Pads of flexible paper sheets sometimes called scratch pads or writing pads have long been available in various sizes, with various numbers of sheets, and in different configurations including rectangular and other peripheral shapes. The sheets in such pads can, optionally, be printed with indicia including lines, pictures, or various written information which may include, for example, the names of persons, companies or corporations, or which can provide a form to be used by a person or a business (e.g., a form that can be filled in to advise a person of a phone call, or a form that can be filled in to order a product or to enter a drawing).
Such pads are often made by forming large master sheets that are either printed or unprinted, assembling the master sheets together into a master pad with a stiff back sheet as the bottom most sheet, cutting a plurality of pads of a desired size from the master pad through the use of a shear or die, and then applying a padding compound (e.g., a water or organic solvent based padding compound or a hot melt adhesive padding compound) along edge surfaces of the pads.
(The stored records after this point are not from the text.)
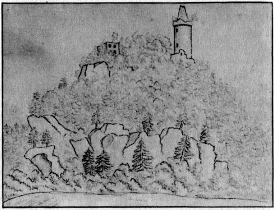 „Asi šest set kroků vzdál od vchodu...rozstoupí se oudolí po levé straně v širší, ale jenom krátký dol. Uprostřed něho stojí vysoká hustě porostlá skála, korunovaná zříceninami starého hradu...(Cikáni)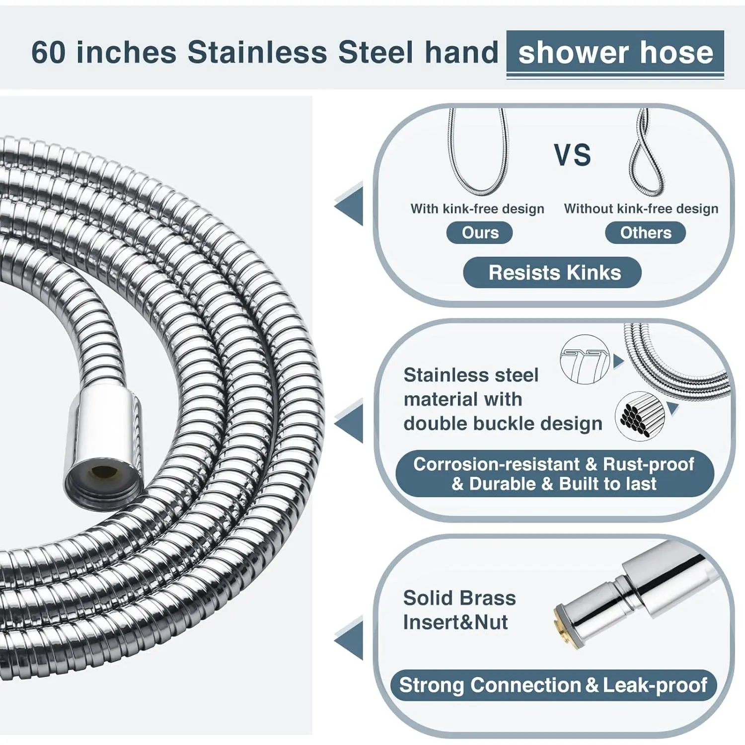 60 Inches Flexible Stainless-Steel Hose - shower hose is super flexible that is convenient for you to hold it in any position to bathe your or let them bathe themselves. Kink-free design helps you rotate the shower freely without worrying about the hose
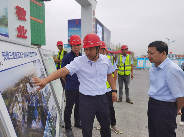 成忠一行听取了肥西县产城融合示范区开发项目的建设情况及进度,肯定了安徽三建在肥西县总工会组织开展的“建功十四五,奋进新征劳动竞赛中,展现出的技术精湛、施工严谨、质量优先、协同高效等作为省属国有龙头施工企业应有的综合实力。
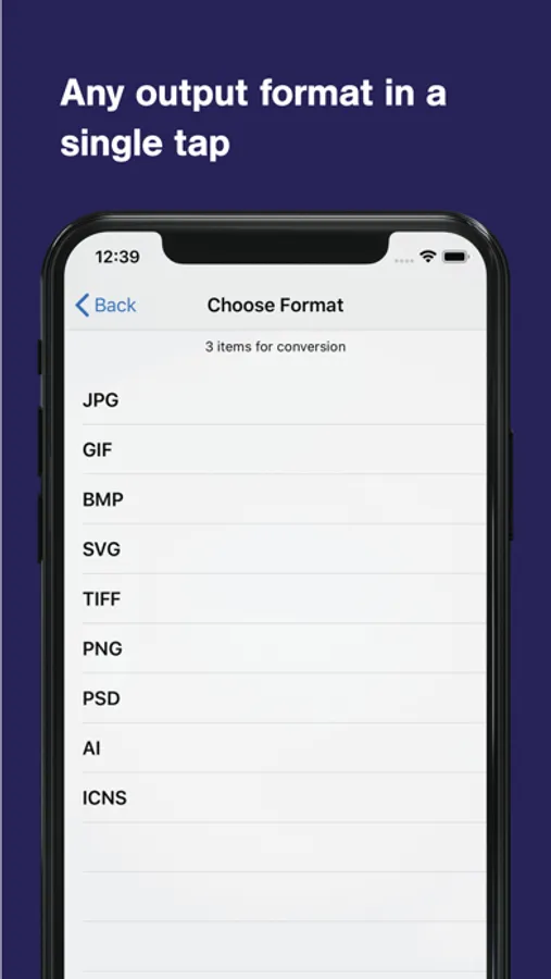 JPG, GIF, BMP, SVG, TIFF, PNG, PSD, AI, ICNS !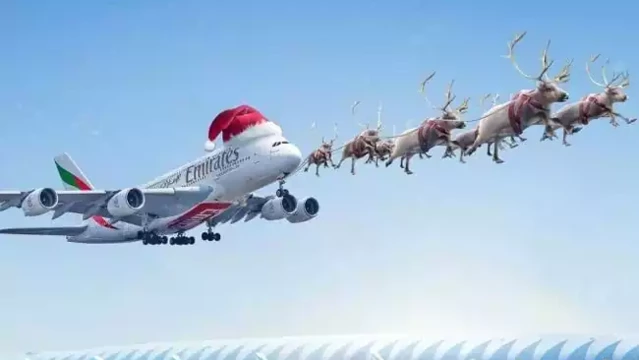 സാൻ്റയും, റെയ്ന്ഡീറുകള് വലിക്കുന്ന ഹിമവാഹനത്തില് മഞ്ഞിലൂടെയുള്ള സാൻ്റയുടെ സഞ്ചാരവും ക്രിസ്മസ് കാലത്തിൻ്റെ അതിമനോഹര പ്രതീകങ്ങളാണ്. അത്തരമൊരു ക്രിസ്മസ് വീഡിയോ പങ്കുവച്ചെത്തിയിരിക്കുകയാണ് എമിറേറ്റ്സ് എയർലൈൻസ്. സാന്റയുടെ വാഹനം പോലെ എമിറേറ്റ്സ് യാത്രാവിമാനം ആകാശത്തേക്കുയരുന്നതിൻ്റെ ഗ്രാഫിക് വീഡിയോ ഇൻസ്റ്റഗ്രാം ഉൾപ്പെടെയുള്ള സോഷ്യൽ മീഡിയയിൽ വൈറലാവുകയാണ്.
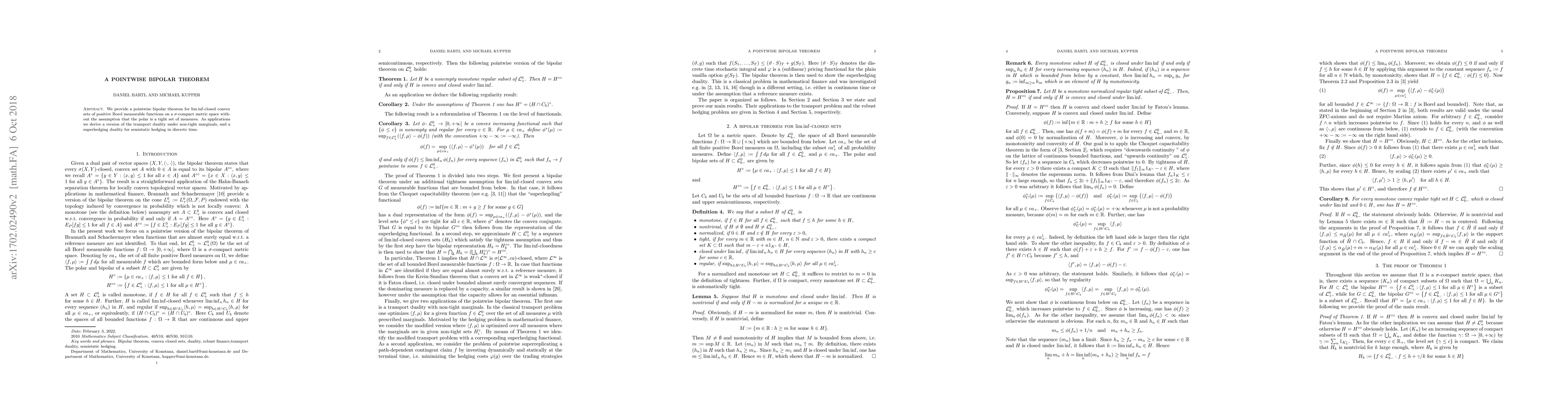 This paper establishes a pointwise bipolar theorem for liminf-closed convex sets on metric spaces without tight marginal assumptions, enabling applications in transport duality and superhedging duality.

Individual sheets can then be removed from the tops of the pads by peeling them away from the padding compound. In some such pads (typically with a large amount of sheets that form a pad generally in the shape of cube) graphics for purposes such as advertising or decoration are printed along exposed edges of the sheets in the pad and along the padding compound adhering the sheets in the pad together. Such printing will have a different appearance along the padding compound than along the edges of the sheets, which can be undesirable.
Pads of flexible paper sheets having bands of pressure sensitive adhesive on major surfaces adjacent edges of the sheets that adhere the sheets together in the pads have been available for some time under the trade name "Post-it" (TM) brand notes from Minnesota Mining and Manufacturing Company, St. Paul, Minn. Such pads are available with the bands of repositionable pressure sensitive adhesive all along edges of the sheets positioned at one side surface of the stack. Additionally, such pads are available with the band of pressure sensitive adhesive on each successive sheet in the pad along an opposite side surface of the pad as is taught in U.S. Pat. No. 4,781,306 (Smith). This latter pad structure facilitates dispensing of the sheets of such pads from dispensers of the types described in U.S. Pat. No. 4,781,306 (Smith), U.S. Pat. No. 4,653,666 (Mertens), and U.S Pat. No. 5,080,255 (Windorski). Pads of either of those types can have graphics printed on the edges of the sheets along all of their side surfaces and those graphics can have a similar appearance on all sides of the pad. Providing the band of pressure sensitive adhesive on the sheets in such a pad adds expense to the pad, however, and for some purposes that band of pressure sensitive adhesive on sheets removed from the pad is not needed, or can even be undesirable.